ACTIVITY ->
Look below for the line with "Lit mezzanine enfant", then repeat it and all lines after it, exactly, minus any pictures.

[INFORMATION SHOWN — start]

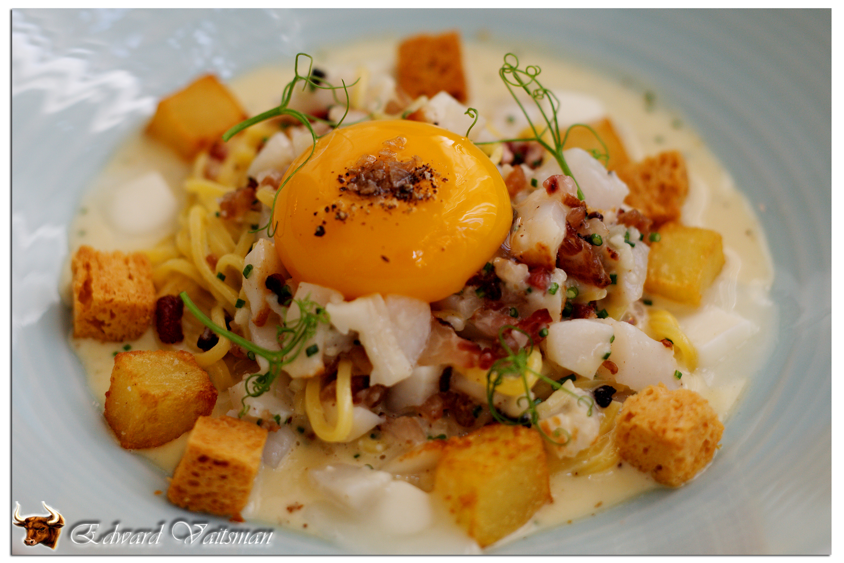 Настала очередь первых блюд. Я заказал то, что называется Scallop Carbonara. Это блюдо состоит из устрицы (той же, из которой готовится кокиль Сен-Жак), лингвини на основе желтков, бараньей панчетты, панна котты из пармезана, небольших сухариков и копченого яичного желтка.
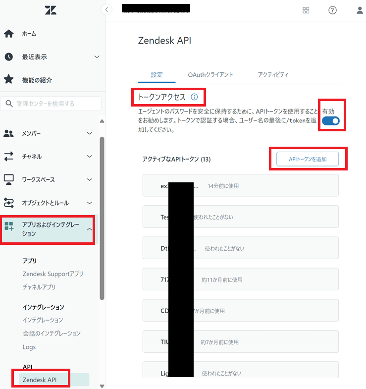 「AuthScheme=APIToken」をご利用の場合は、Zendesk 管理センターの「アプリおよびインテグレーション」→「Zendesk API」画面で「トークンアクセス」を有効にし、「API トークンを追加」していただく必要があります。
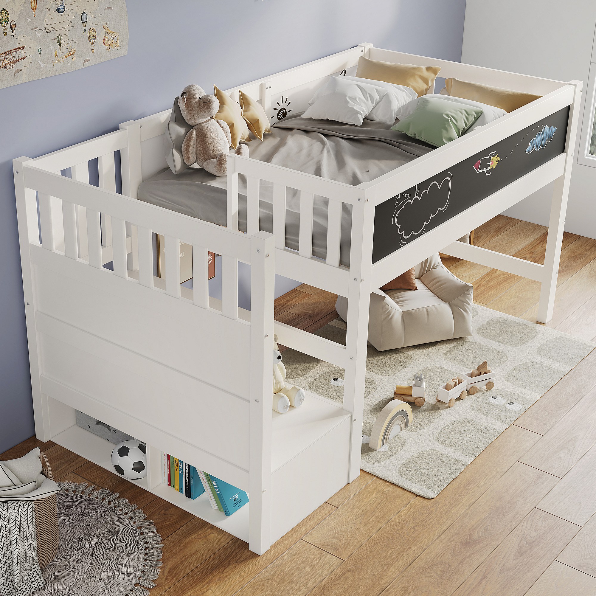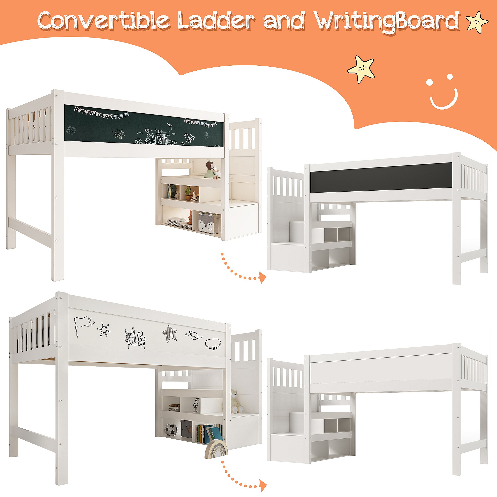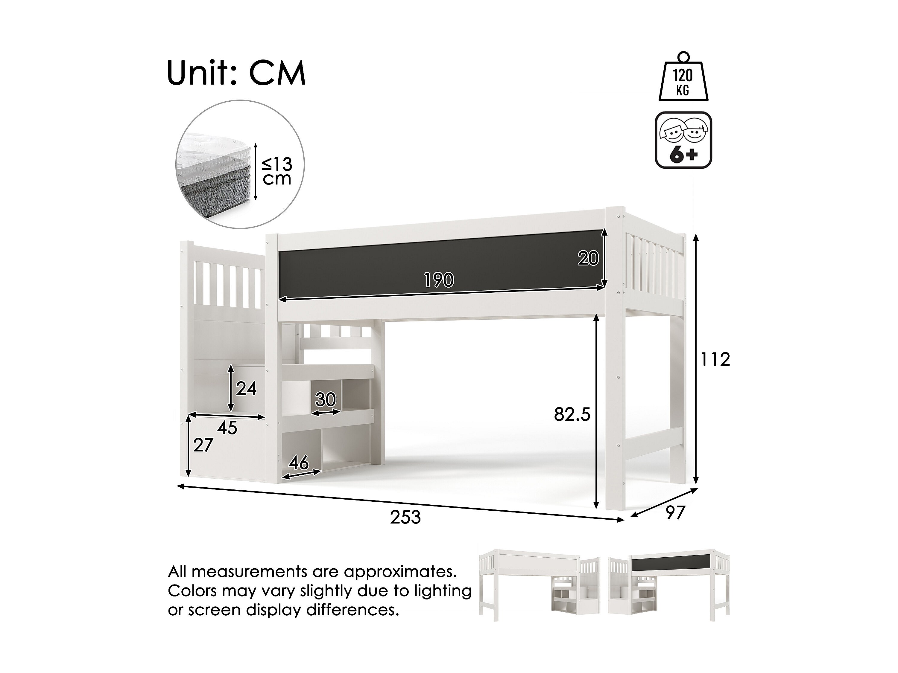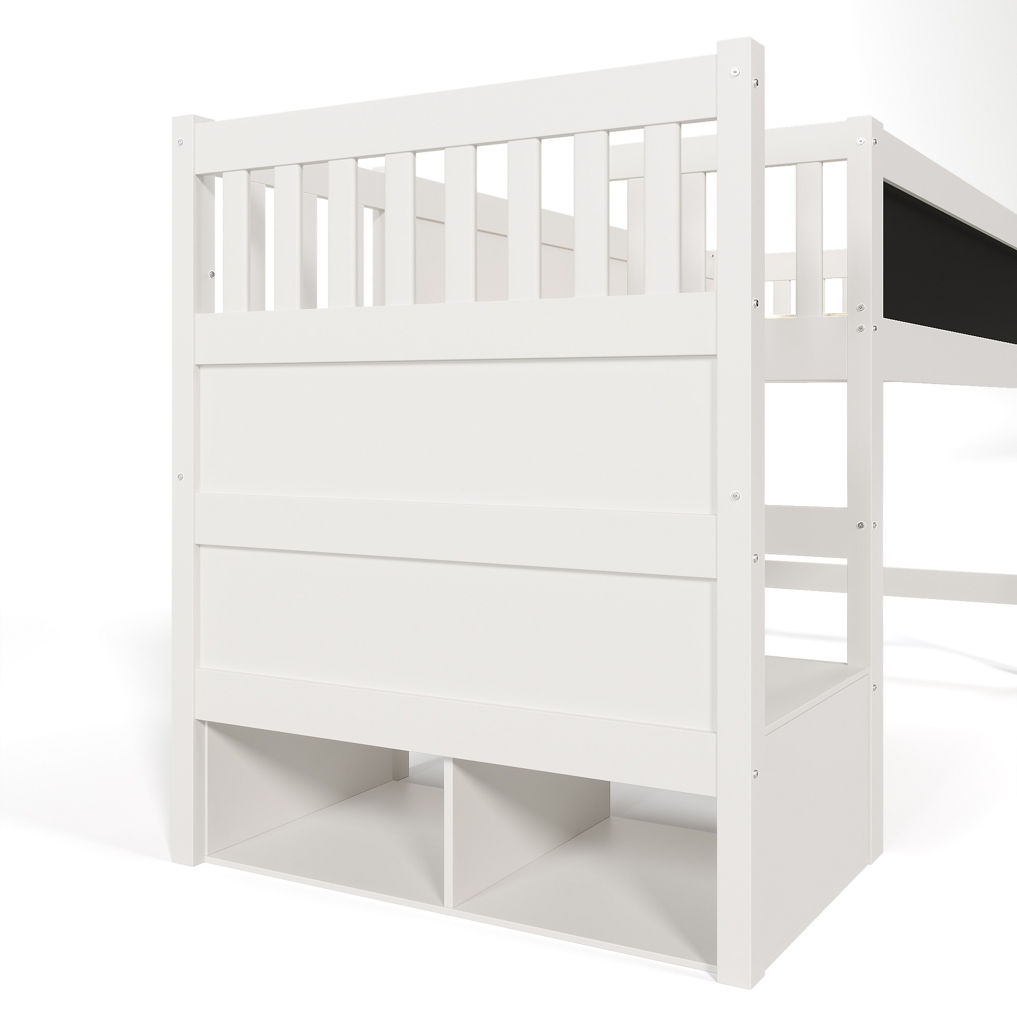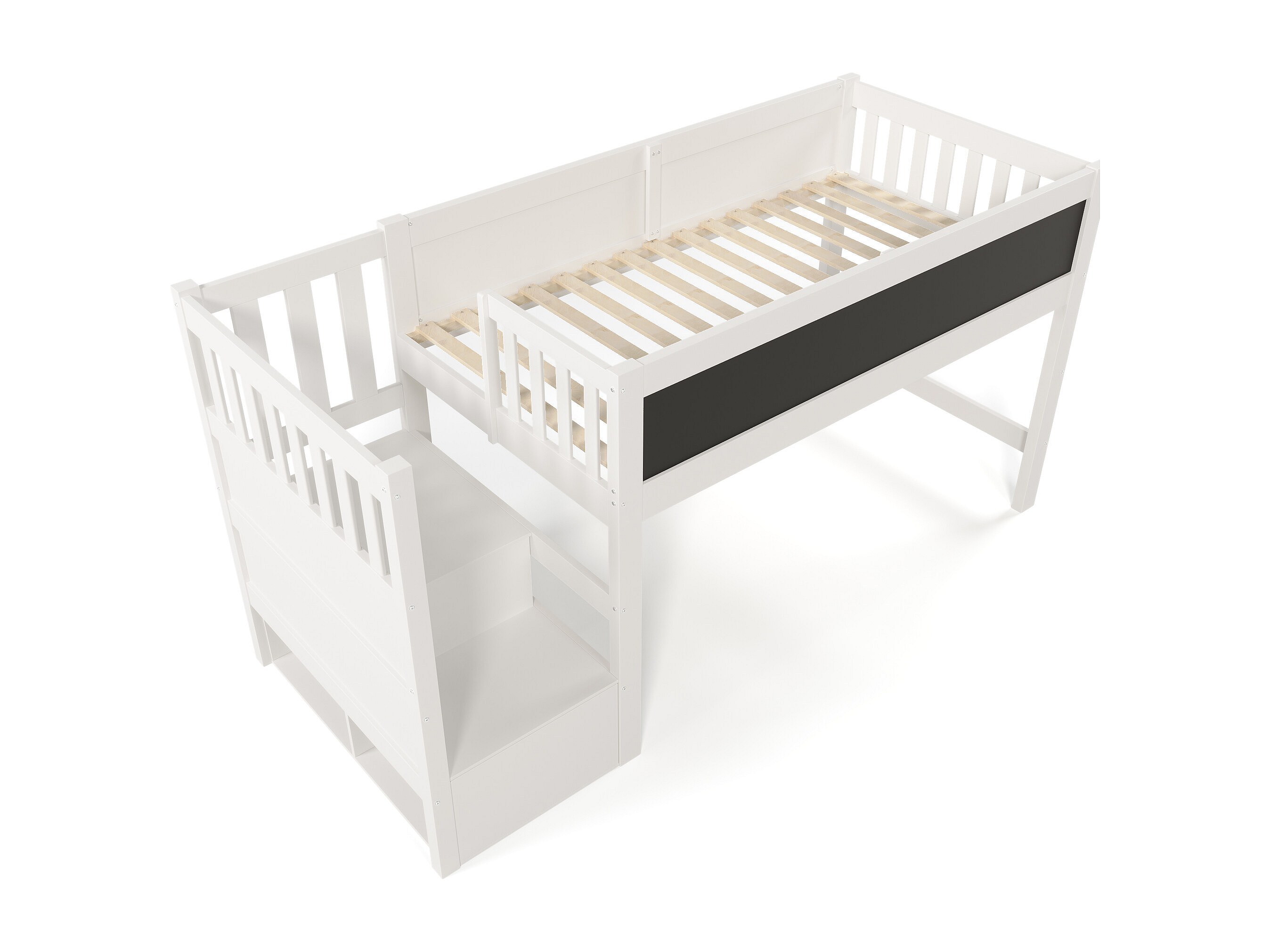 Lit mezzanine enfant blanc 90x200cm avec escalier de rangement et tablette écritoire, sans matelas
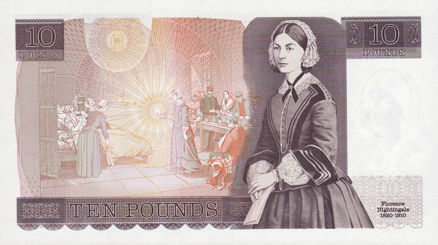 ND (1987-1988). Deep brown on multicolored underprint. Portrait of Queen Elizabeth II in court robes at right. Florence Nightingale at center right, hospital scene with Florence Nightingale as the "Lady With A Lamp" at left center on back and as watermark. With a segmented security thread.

[INFORMATION SHOWN — finish]

SOLUTION ->
 Lit mezzanine enfant blanc 90x200cm avec escalier de rangement et tablette écritoire, sans matelas
 ND (1987-1988). Deep brown on multicolored underprint. Portrait of Queen Elizabeth II in court robes at right. Florence Nightingale at center right, hospital scene with Florence Nightingale as the "Lady With A Lamp" at left center on back and as watermark. With a segmented security thread.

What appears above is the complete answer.